Jeans instability in a tidally disrupted halo satellite galaxy

We use a hybrid test particle/N-body simulation to integrate four million massless test particle trajectories within a fully self-consistent 10(5) particle N-body simulation. The number of massless particles allows us to resolve fine structure in the spatial distribution and phase space of a dwarf galaxy as it is disrupted in the tidal field of a Milky Way type galaxy. The tidal tails exhibit nearly periodic clumping. By running simulations with different satellite particle mass, halo particle mass, number of massive and massless particles and with and without a galaxy disc, we have determined that the instabilities are not due to numerical noise, amplification of structure in the halo or shocking as the satellite passes through the disc of the galaxy. We measure Jeans wavelengths and growth time-scales in the tidal tail and show that the Jeans instability is a viable explanation for the clumps.
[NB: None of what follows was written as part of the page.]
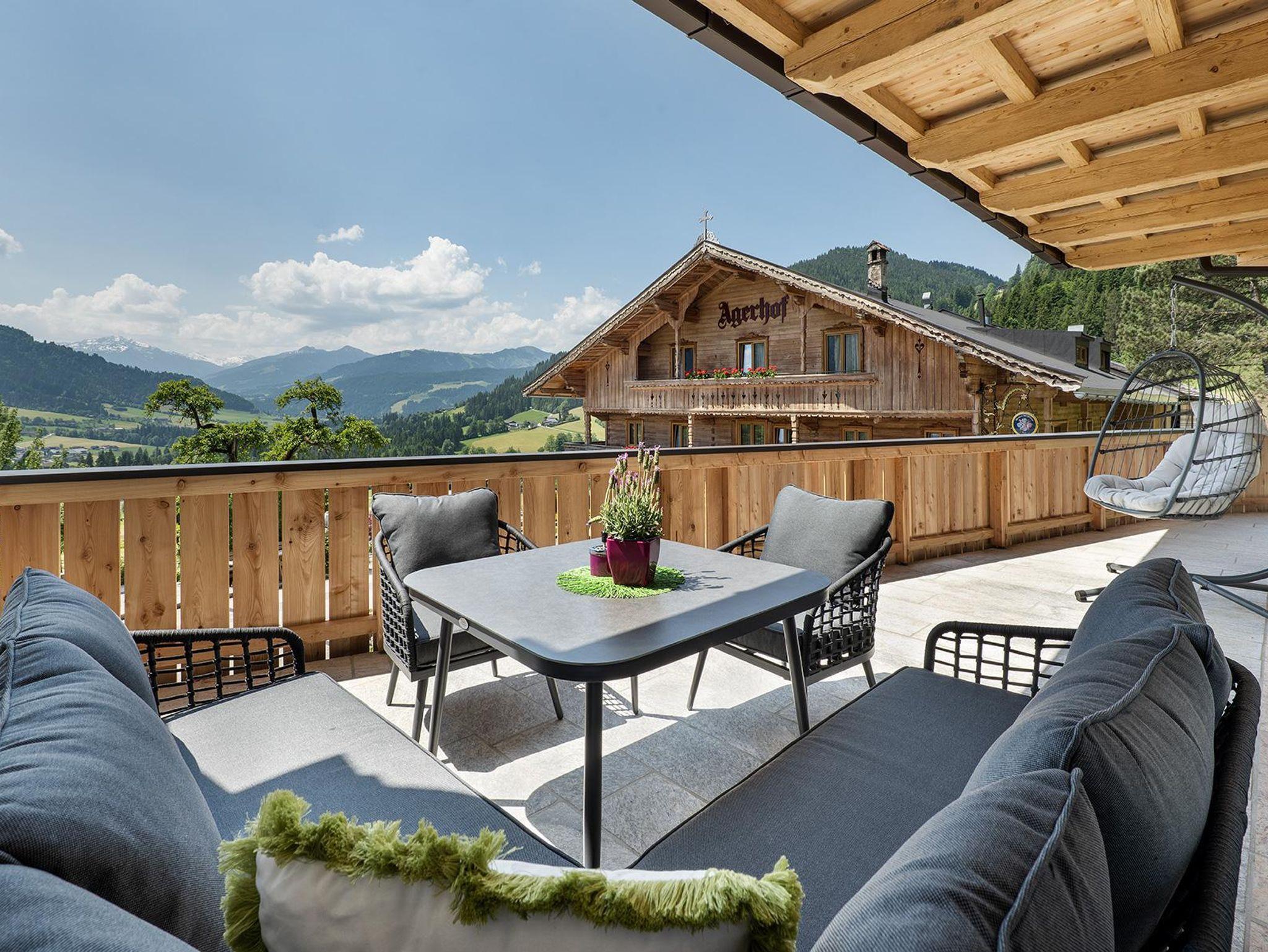 Von Ihrem eigenen Sonnenbalkon aus haben Sie einen traumhaften Blick auf Tirols Aussichtsberg - die Hohe Salve und den bezaubernden Schlösslgarten. Hier können Sie entspannen und die Seele baumeln lassen, während Sie die Schönheit der Kitzbüheler Alpen in vollen Zügen genießen. Wir laden Sie herzlich ein, sich zurückzulehnen und diese atemberaubende Aussicht auf sich wirken zu lassen.

We find that the instability causes velocity perturbations of order 10 km s(-1). Clumps in tidal tails present in the Milky Way could be seen in stellar radial velocity surveys as well as number counts. We find that the unstable wavelength growth is sensitive to the simulated mass of dark matter halo particles. A simulation with a smoother halo exhibits colder and thinner tidal tails with more closely spaced clumps than a simulation with more massive dark matter halo particles. Heating by the halo particles increases the Jeans wavelength in the tidal tail affecting substructure development, suggesting an intricate connection between tidal tails and dark matter halo substructure.